Department of Computer Science, Stanford University, 353 Jane Stanford Way, Stanford, CA 94305, USA.
Greenstone Biosciences, 3160 Porter Drive, Suite 140, Palo Alto, CA 94304, USA.
Bioinformatics. 2024 Jul 1;40(7). doi: 10.1093/bioinformatics/btae416.
The emergence of large chemical repositories and combinatorial chemical spaces, coupled with high-throughput docking and generative AI, have greatly expanded the chemical diversity of small molecules for drug discovery. Selecting compounds for experimental validation requires filtering these molecules based on favourable druglike properties, such as Absorption, Distribution, Metabolism, Excretion, and Toxicity (ADMET).

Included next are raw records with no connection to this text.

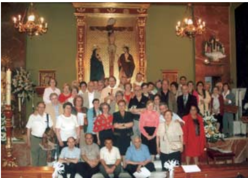
• Alzira, parròquia dels Sants Patrons.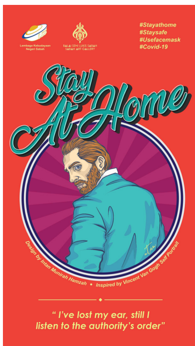
Foto 2 Intan Munirah Hamzah, Vincent Stay at Home, 2020, poster digital

Foto 2 adalah karya poster kedua dari siri poster Covid-19 dari Balai Seni Lukis Sabah yang bertajuk Stay at Home ini memperlihatkan gambaran potret seorang lelaki separuh tubuh dari pandangan belakang tetapi wajahnya dipalingkan ke arah sisi sebelah kiri bidang komposisi. Berdasarkan judul karya dan juga atribut yang tampil pada wajahnya yang berambut keperangan dan juga memiliki jambang yang lebat, sosok lelaki ini merupakan representasi dari Vincent van Gogh, seorang pelukis kelahiran Belanda yang begitu terkenal dengan karya-karya potret diri dan lanskap dengan gaya Pasca Impressionisme yang dicirikan melalui sapuan warna-warna buram, garisan berat dan ilusi pergerakan udara dan juga cahaya.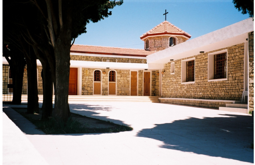
Resim 29. Vakıflı Surp Asdvadzadzin Ermeni Kilisesi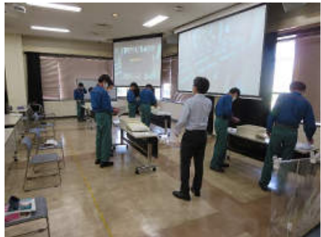
令和3年度 労働安全衛生特別教育(低圧)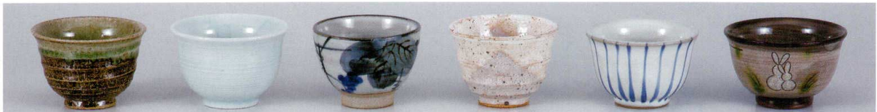
32807-036 620円 250332010 ヒロ灰釉反煎茶 (86×58mm) 32808-026 600円 260332808 千段青磁干茶 (91×60mm) 32809-476 600円 254732018 粉引巻ぶどう干茶 (84×57mm) 32810-076 600円 250732008 美濃萩煎茶(小) (84×60mm) 32811-056 590円 250532021 ゴス十草煎茶 (88×60mm) 32812-476 650円 264732812 月見うさぎ煎茶 (90×55mm)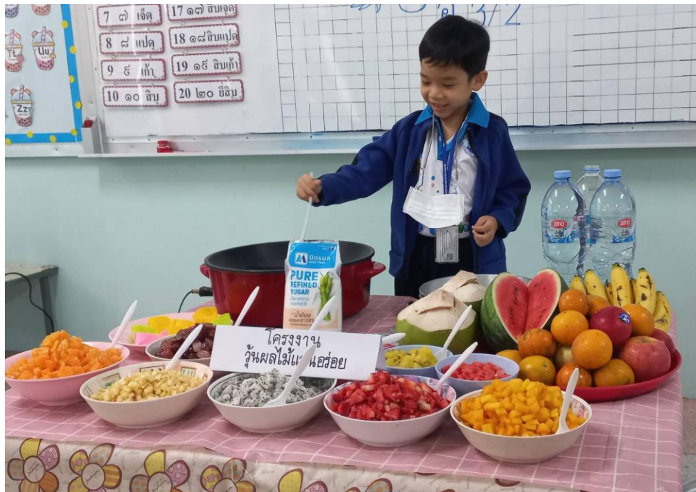
โครงการ ใช้น้ำผลไม้แสนอร่อย อนุบาล 3/2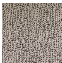
1483-03 SPLASH - GRANITE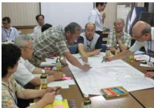
▲ワークショップの様子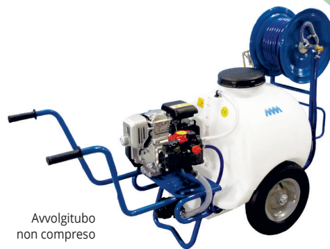
Avvolgitubo non compreso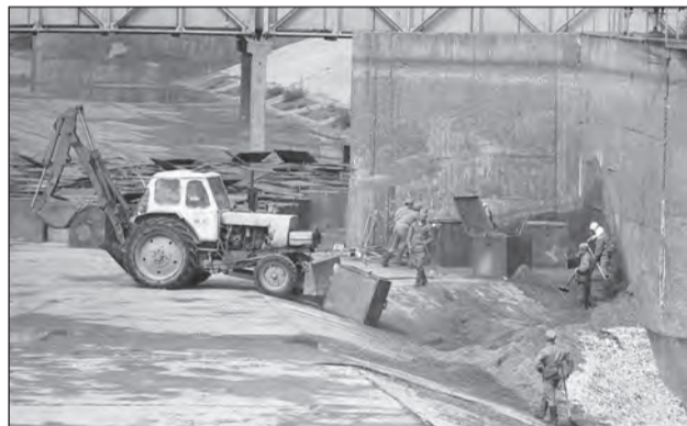
Дезактивация в районе 4 блока ЧАЭС.

Особо хочется отметить, что ныне кое-кто стал забывать уроки истории. В независимой Украине может случиться новая беда. Нынешние власти на волне антироссийской истерии отказываются закупать в нашей стране ядерное топливо для эксплуатируемых у них АЭС и пытаются заманить его на американское. А, как утверждают эксперты, оно по своим параметрам не подходит для станций,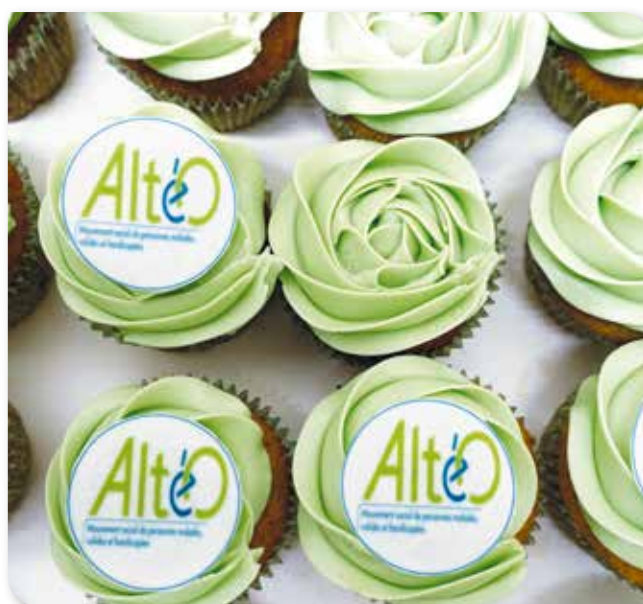
Cupcakes réalisés par Cinthya

INSCRIPTION SOUHAITÉE: 081/237.237 ou genevieve.bary@alteoasbl.be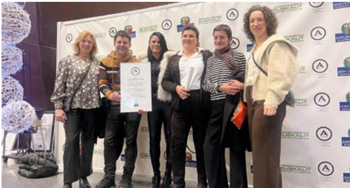
...eta kitto! Euskara Elkarteko kideak Euskalduna Jauregian egon ziren eguaztenean Kudeaketa Aurreratuari Diploma jasotzen. Kudeaketa Aurreratuaren Euskal Sariaren Ekitaldian brontzezko, zilarrezko eta urrezko sari nagusiez gain, aurten EAEko 54 erakundek jaso dute Euskaliten diploma.

grama planteatu genuen, azkeneko urtean kanpo kontrastea jaso eta, baldintzak betez gero, Kudeaketa Aurreratuaren Diploma lortzeko asmoz, gure Kudeaketa Aurreratuaren Euskal Sariaren eskemako lehenengo urratsa alegia.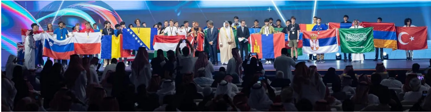
مؤتمر سابق لسدايا حول البيانات والذكاء الاصطناعي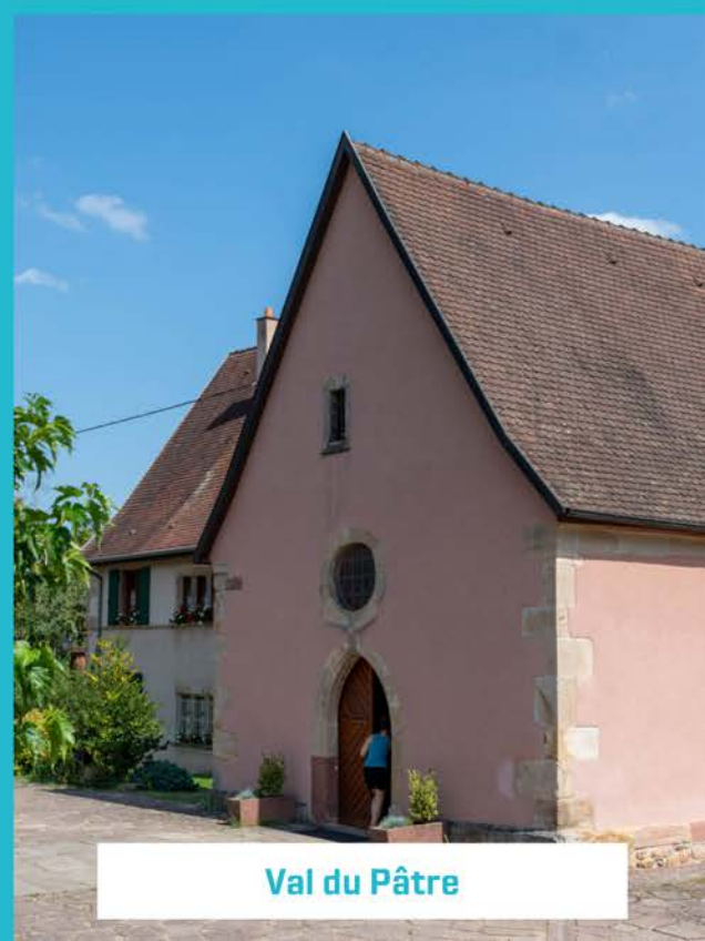
Val du Pâtre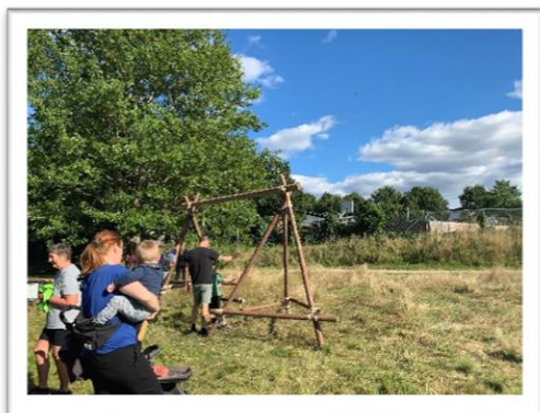
Ude liv – åbent hus i Balskøbing ugen.

Til slut et par stemningsbilleder fra skolens liv: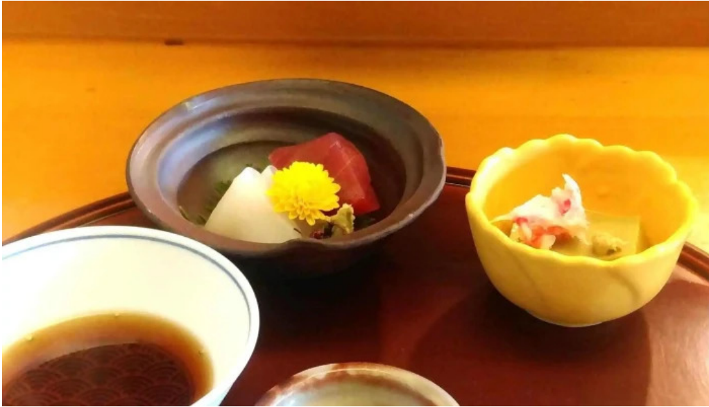
天ぷら 荒川 懐石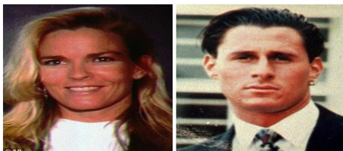
Figura 2 – Nicole Brown Simpson e Ronald Goldman.

O caso de O.J. Simpson (The People vs O.J. Simpson), remonta-nos aos anos 90, nos Estados Unidos, mais precisamente ao dia 12 de Junho de 1994, dia em que Nicole Brown Simpson e Ronald Goldman foram encontrados assassinados entre as 22h e as 23h à porta de casa de Nicole, em Brentwood, Los Angeles.

We developed ADMET-AI, a machine learning platform that provides fast and accurate ADMET predictions both as a website and as a Python package. ADMET-AI has the highest average rank on the TDC ADMET Leaderboard, and it is currently the fastest web-based ADMET predictor, with a 45% reduction in time compared to the next fastest public ADMET web server. ADMET-AI can also be run locally with predictions for one million molecules taking just 3.1 h.
The ADMET-AI platform is freely available both as a web server at admet.ai.greenstonebio.com and as an open-source Python package for local batch prediction at github.com/swansonk14/admet_ai (also archived on Zenodo at doi.org/10.5281/zenodo.10372930). All data and models are archived on Zenodo at doi.org/10.5281/zenodo.10372418.
大型化学知识库和组合化学空间的出现,加上高通量对接和生成式人工智能,极大地扩展了小分子药物发现的化学多样性。为了实验验证而选择化合物,需要根据有利的类药性特性(如吸收、分布、代谢、排泄和毒性(ADMET))对这些分子进行过滤。
我们开发了 ADMET-AI,这是一个机器学习平台,既可以作为网站,也可以作为 Python 包,提供快速而准确的 ADMET 预测。ADMET-AI 在 TDC ADMET 排行榜上的平均排名最高,它是目前最快的基于网络的 ADMET 预测器,与下一个最快的公共 ADMET 网络服务器相比,时间缩短了 45%。ADMET-AI 也可以在本地运行,对一百万种分子进行预测仅需 3.1 小时。
ADMET-AI 平台既可以作为 admet.ai.greenstonebio.com 的网络服务器免费使用,也可以作为本地批量预测的开源 Python 包使用,可在 github.com/swansonk14/admet_ai 上获取(也在 Zenodo 存档,网址为 doi.org/10.5281/zenodo.10372930)。所有数据和模型都在 Zenodo 存档,网址为 doi.org/10.5281/zenodo.10372418。